--- Data extract ---
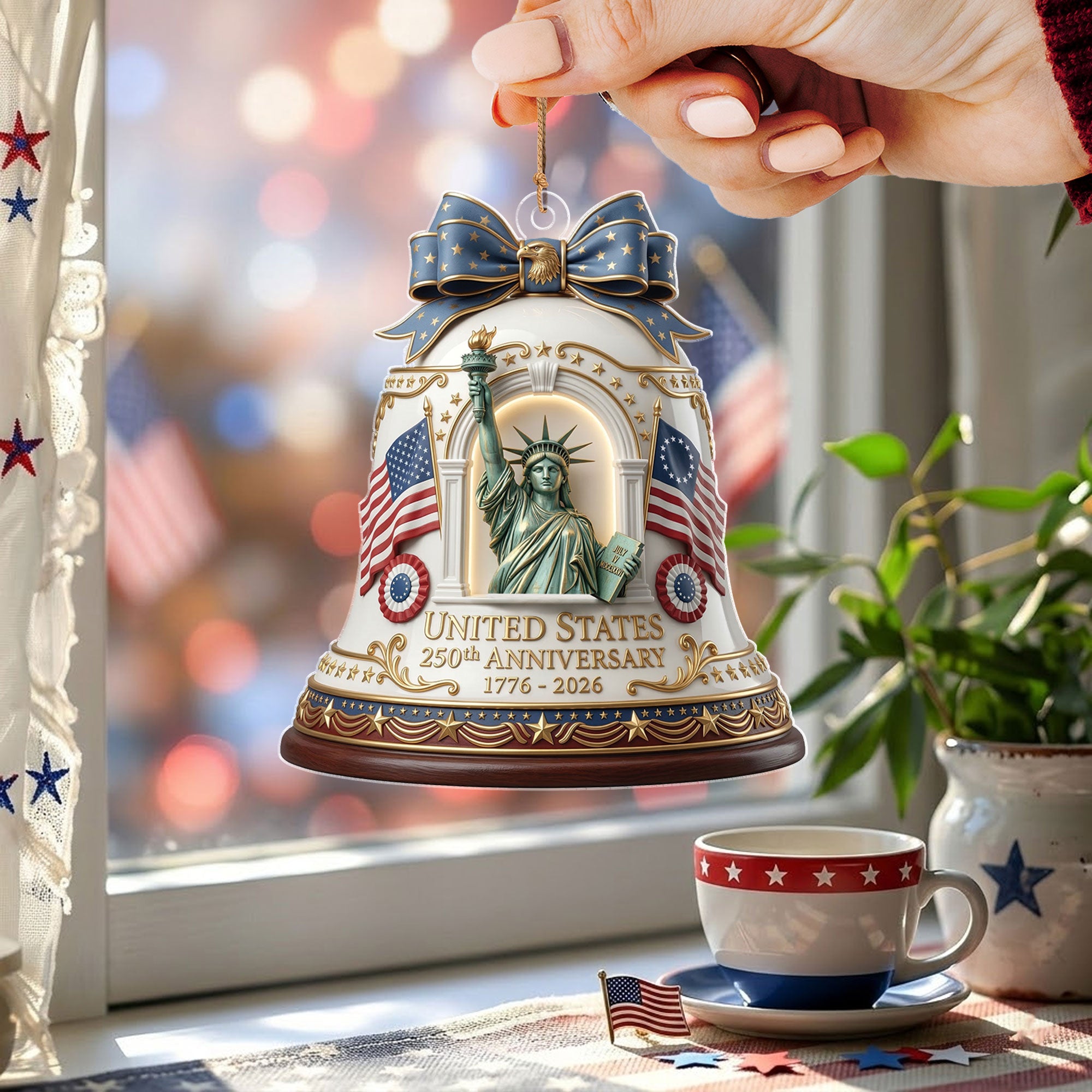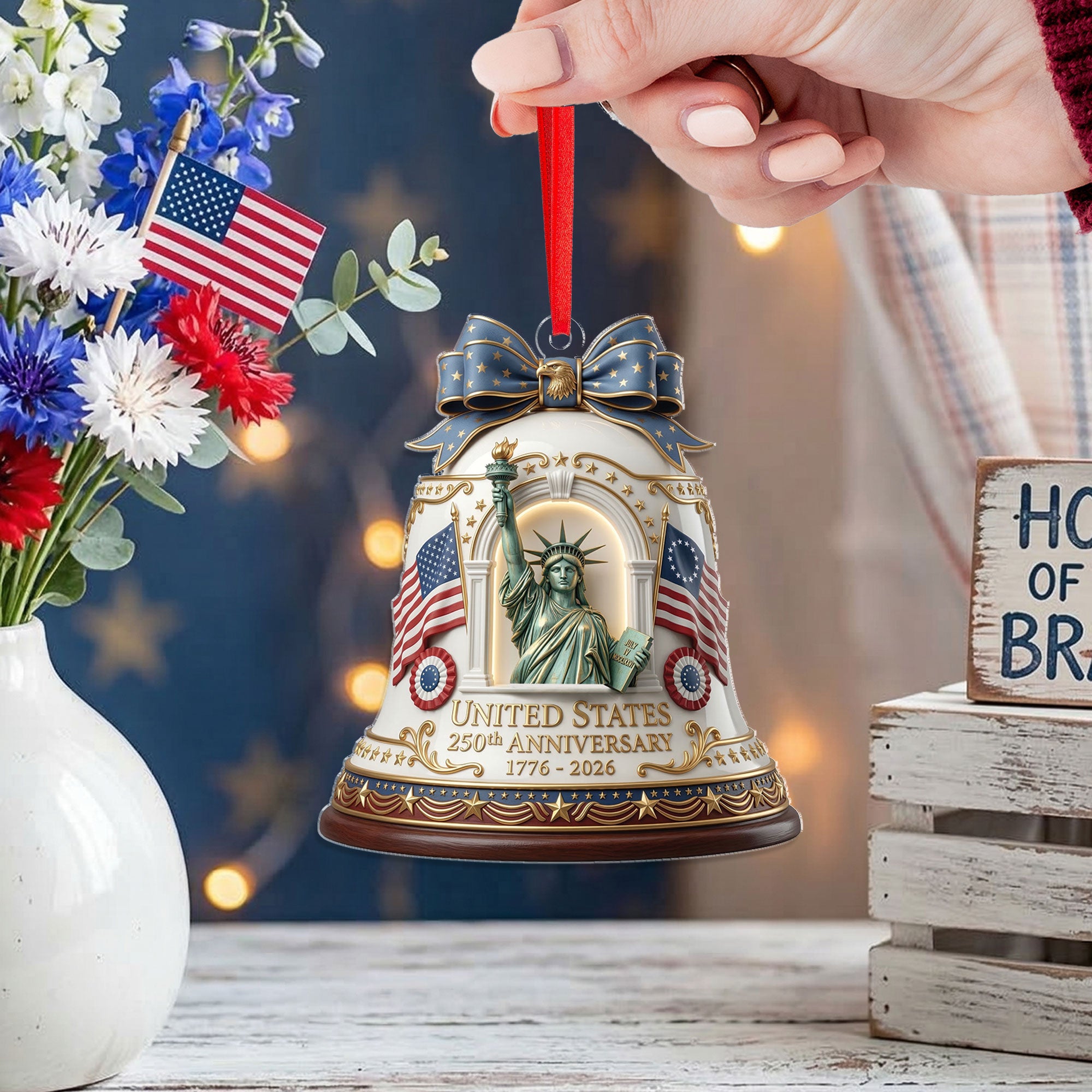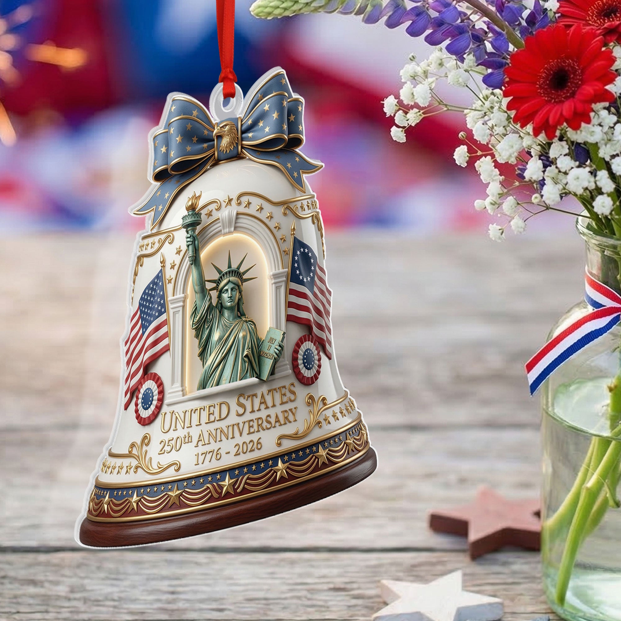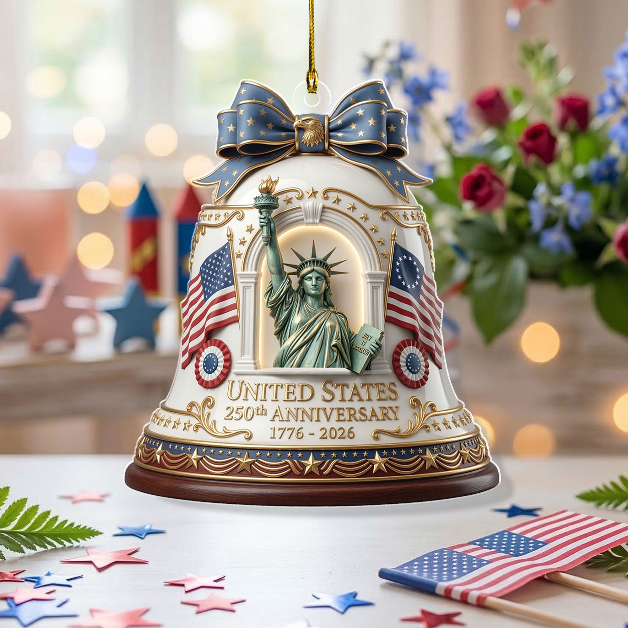 Celebrate America’s 250th anniversary with this commemorative acrylic ornament featuring the iconic Statue of Liberty design. Crafted from durable, high-quality acrylic, this ornament captures the timeless symbol of freedom and democracy in stunning detail. Perfect for hanging on your Christmas tree, displaying in a patriotic collection, or gifting to history buffs, veterans, or anyone who loves U.S. heritage. Lightweight and shatter-resistant, it adds a touch of historical significance to holiday decor or year-round displays. Measures approximately 3-4 inches for versatile use. Ideal for 250th anniversary celebrations, Independence Day, or everyday patriotism.
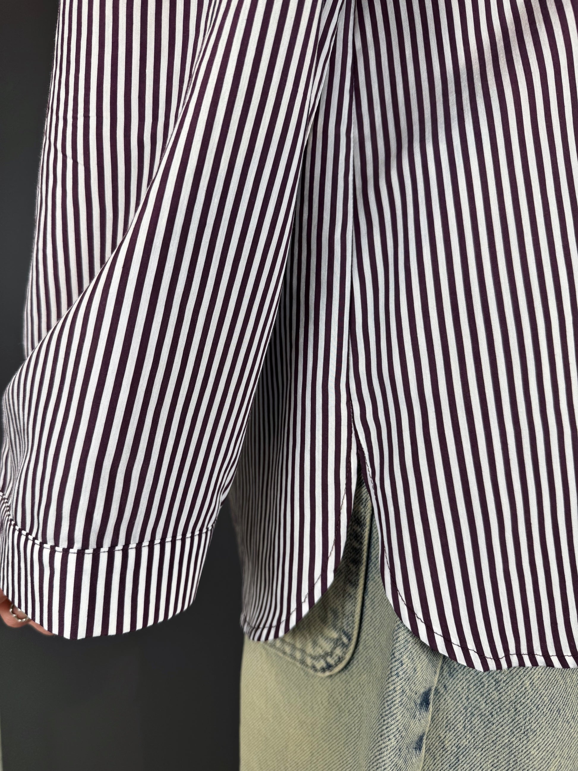 Dettagli di Design: Colletto a punta classico e taschino applicato sul petto, polsini strutturati con chiusura a bottone e chiusura frontale con bottoni a contrasto.
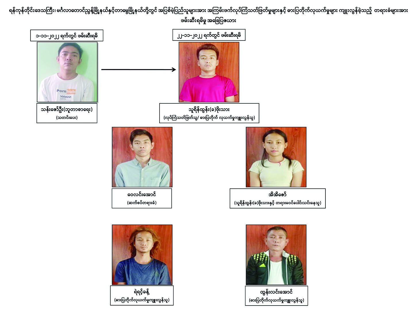 ဖမ်းဆီးရမိ တရားခံများ၏ ထွက်ဆိုချက်အရ ဖမ်းဆီးရန်ကျန် အားညီ၏ ခိုင်းစေမှုဖြင့် အပြစ်မဲ့ ပြည်သူများအား အကြောင်းမဲ့ လုပ်ကြံသတ်ဖြတ်မှု နှစ်ကြိမ်နှင့် နိုင်ငံတော်၏ အုပ်ချုပ်မှုယန္တရား ပျက်ပြားစေရန်နှင့် အပြစ်မဲ့ပြည်သူများ ထိတ်လန့်မှုဖြစ်စေရန် ရည်ရွယ်၍ အများပြည်သူနှင့် သက်ဆိုင်သော နေရာများတွင် အကြမ်းဖက်ဖောက်ခွဲမှု နှစ်ကြိမ် ကျူးလွန်ခဲ့ကြောင်း ဖော်ထုတ်သိရှိ ရသည်-
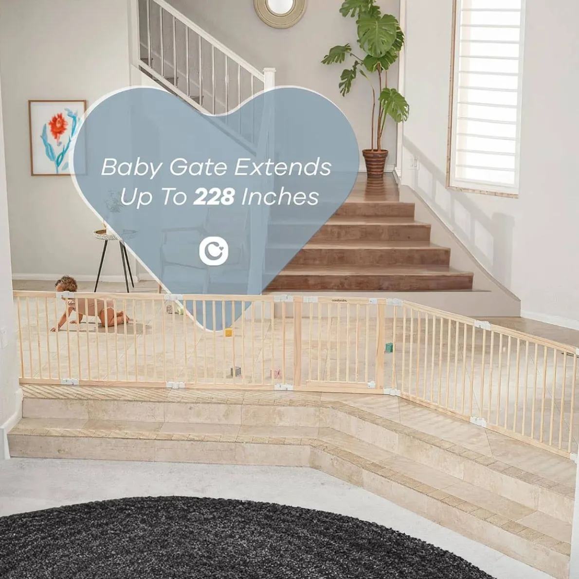 - Baby Gate Extends up to 228 inches : Boasting a remarkable length, this product can extend up to 228 inches when fully opened as a gate. This feature ensures versatility and comprehensive safety coverage, perfect for both small and large spaces.
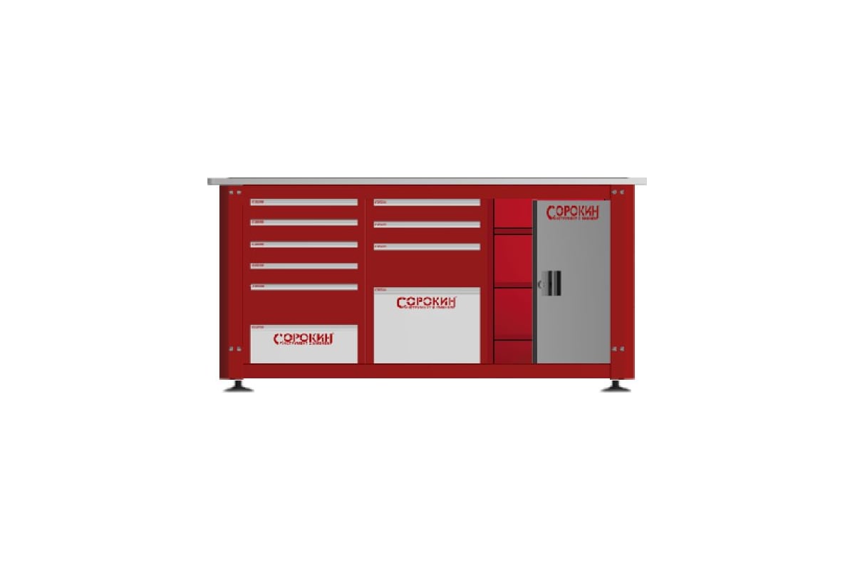 Верстак Сорокин 3.3 широко используется в мастерских различного профиля. Предназначен для организации рабочего места при выполнении ремонтных работ. Устойчивость конструкции обеспечивают опорные ножки, которые входят в комплект.
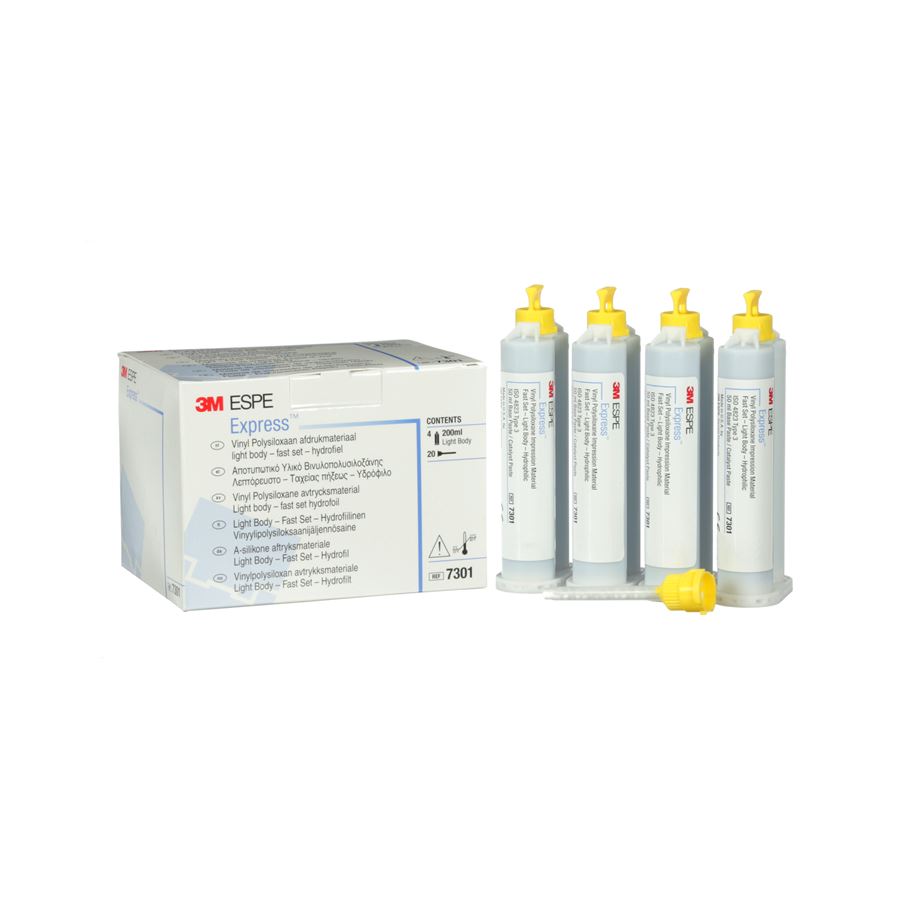 3M™ Express™ VPS je otiskovací materiál na bázi vinylpolysiloxanu pro ruční míchání. Je určený pro jednokrokovou i dvoukrokovou techniku putty/wash. V praxi oceníte spolehlivé zpracování, přesné vykreslení detailů a možnost zvolit si postup, který Vám vyhovuje.
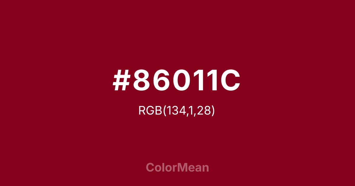 #86011C RGB value is (134, 1, 28). The hex color red value is 134, green is 1, and blue is 28. Its HSL format shows a hue of 348°, saturation of 99 percent, and lightness of 26 percent. The CMYK process values are 0 percent, 99 percent, 79 percent, 47 percent.
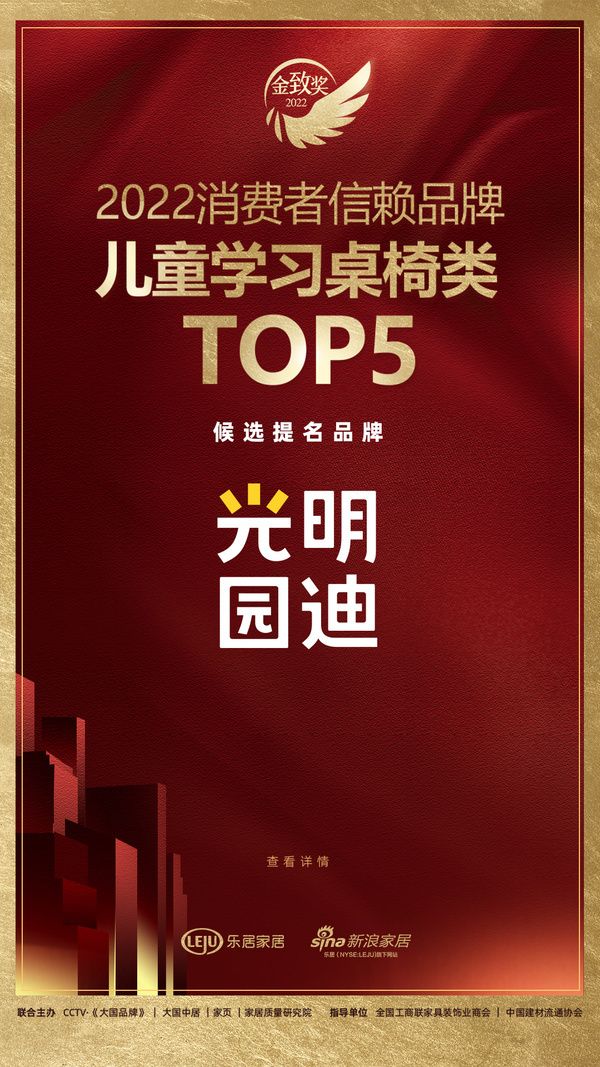 网址:光明园迪入围「2022消费者信赖品牌儿童学习桌椅类TOP5」候选提名品牌 https://www.jiaju82.com/news-view-id-825300.html
---
What you need to do — Repeat the entries exactly. Any picture is to be left out.

Solved problem —
 Celebrate America’s 250th anniversary with this commemorative acrylic ornament featuring the iconic Statue of Liberty design. Crafted from durable, high-quality acrylic, this ornament captures the timeless symbol of freedom and democracy in stunning detail. Perfect for hanging on your Christmas tree, displaying in a patriotic collection, or gifting to history buffs, veterans, or anyone who loves U.S. heritage. Lightweight and shatter-resistant, it adds a touch of historical significance to holiday decor or year-round displays. Measures approximately 3-4 inches for versatile use. Ideal for 250th anniversary celebrations, Independence Day, or everyday patriotism.
 Dettagli di Design: Colletto a punta classico e taschino applicato sul petto, polsini strutturati con chiusura a bottone e chiusura frontale con bottoni a contrasto.
 ဖမ်းဆီးရမိ တရားခံများ၏ ထွက်ဆိုချက်အရ ဖမ်းဆီးရန်ကျန် အားညီ၏ ခိုင်းစေမှုဖြင့် အပြစ်မဲ့ ပြည်သူများအား အကြောင်းမဲ့ လုပ်ကြံသတ်ဖြတ်မှု နှစ်ကြိမ်နှင့် နိုင်ငံတော်၏ အုပ်ချုပ်မှုယန္တရား ပျက်ပြားစေရန်နှင့် အပြစ်မဲ့ပြည်သူများ ထိတ်လန့်မှုဖြစ်စေရန် ရည်ရွယ်၍ အများပြည်သူနှင့် သက်ဆိုင်သော နေရာများတွင် အကြမ်းဖက်ဖောက်ခွဲမှု နှစ်ကြိမ် ကျူးလွန်ခဲ့ကြောင်း ဖော်ထုတ်သိရှိ ရသည်-
 - Baby Gate Extends up to 228 inches : Boasting a remarkable length, this product can extend up to 228 inches when fully opened as a gate. This feature ensures versatility and comprehensive safety coverage, perfect for both small and large spaces.
 Верстак Сорокин 3.3 широко используется в мастерских различного профиля. Предназначен для организации рабочего места при выполнении ремонтных работ. Устойчивость конструкции обеспечивают опорные ножки, которые входят в комплект.
 3M™ Express™ VPS je otiskovací materiál na bázi vinylpolysiloxanu pro ruční míchání. Je určený pro jednokrokovou i dvoukrokovou techniku putty/wash. V praxi oceníte spolehlivé zpracování, přesné vykreslení detailů a možnost zvolit si postup, který Vám vyhovuje.
 #86011C RGB value is (134, 1, 28). The hex color red value is 134, green is 1, and blue is 28. Its HSL format shows a hue of 348°, saturation of 99 percent, and lightness of 26 percent. The CMYK process values are 0 percent, 99 percent, 79 percent, 47 percent.
 网址:光明园迪入围「2022消费者信赖品牌儿童学习桌椅类TOP5」候选提名品牌 https://www.jiaju82.com/news-view-id-825300.html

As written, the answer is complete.